Utility and beauty

Design is not an abstract thing or an elitist phenomenon. It is inventing objects that improve people’s lives. Even if only from an aesthetic point of view, because we all - each in his or her own way - need some beauty

When I was little, my sister and I did our homework sitting on two red plastic chairs. They were light, glossy and looked like they were made from Lego. They were akin to a toy, something “grown-up” that also knew how to speak to us children. That chair – the 4867 by Joe Colombo for Kartell, from 1965 – is now in the design collection at MoMA in New York. For me it was one of my first contacts with the world of design. And it influenced the way I look at objects, trying to enter into contact with them. To understand them.

Ruben Modigliani - Photo © Valentina Sommariva
Ruben Modigliani – Photo © Valentina Sommariva

Nowadays there is an awareness around this theme that I believe is unprecedented in history, at least in western history. It can be seen in the extraordinary amount of people that an event like Milan Design Week manages to attract; pre-pandemic the numbers exceeded half a million visitors, and in a city of one million and 350 thousand inhabitants the impact is tangible. It is a moment of recall in which the global design community takes stock of the situation, expresses new ideas.

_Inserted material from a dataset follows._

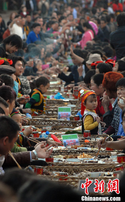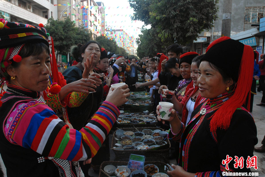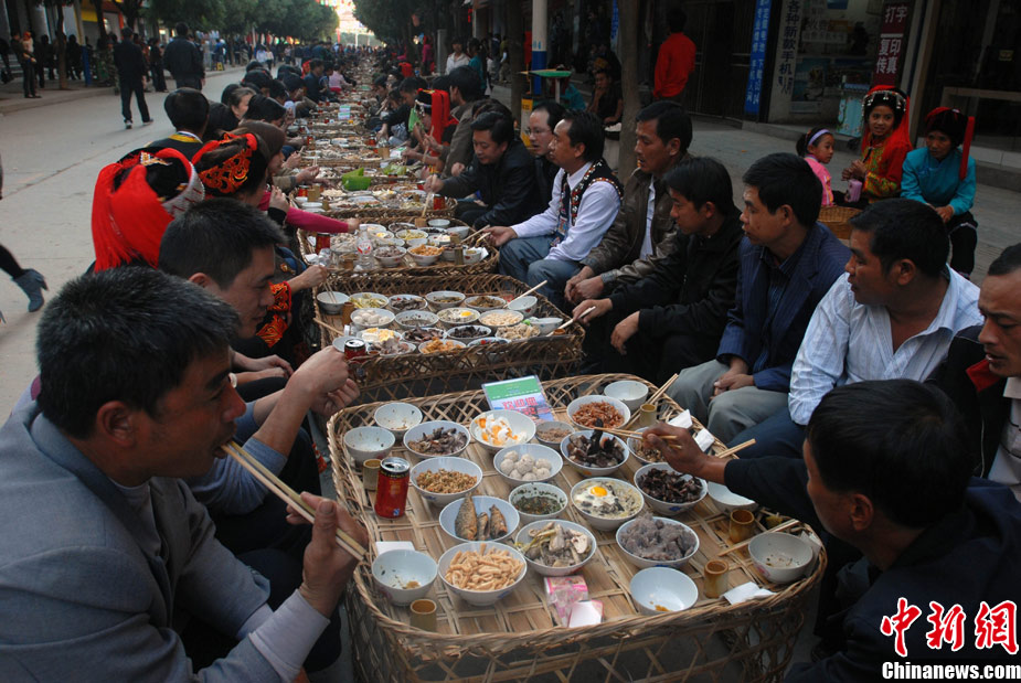 11月30日,有“天下第一宴”、“世界最長(zhǎng)的宴席”美稱的云南綠春哈尼族長(zhǎng)街宴于在云南綠春縣開宴,來自海內(nèi)外上萬(wàn)名游客參加了今年的長(zhǎng)街宴。此次長(zhǎng)街宴共設(shè)1860桌全長(zhǎng)近2000米。云南綠春哈尼長(zhǎng)街宴于2008年以3050桌全長(zhǎng)4000米被上海吉尼斯認(rèn)證為“世界最長(zhǎng)的宴席”。中新社發(fā) 任東 攝

It addresses desires (the evolution of taste) and needs (environment and security, to name two of the most current). It is the point of contact between the frontiers of the freest experimentation and an important industry – especially for Italy, where the value of production is around 57 billion euro (2022 data, source FLA).

There is more. For the city it is also a way to look at itself through new eyes and think about the future; every edition presents spaces to the pubic that have never been seen before, that open up new perspectives. Even for the many visitors who are not professionals it certainly constitutes a moment in which one’s visual field expands, acquires depth. And becomes experience.

Contemporary design has roots that go back in time. The words of William Morris come to mind, who in 1880 declared: “Have nothing in your houses that you do not know to be useful or believe to be beautiful”. Utility and beauty, two elements that it is the task of design to bring together. Then, now and tomorrow.

PS – Welcome Mia! Our cover also talks about you. Because it is ideas that build the future.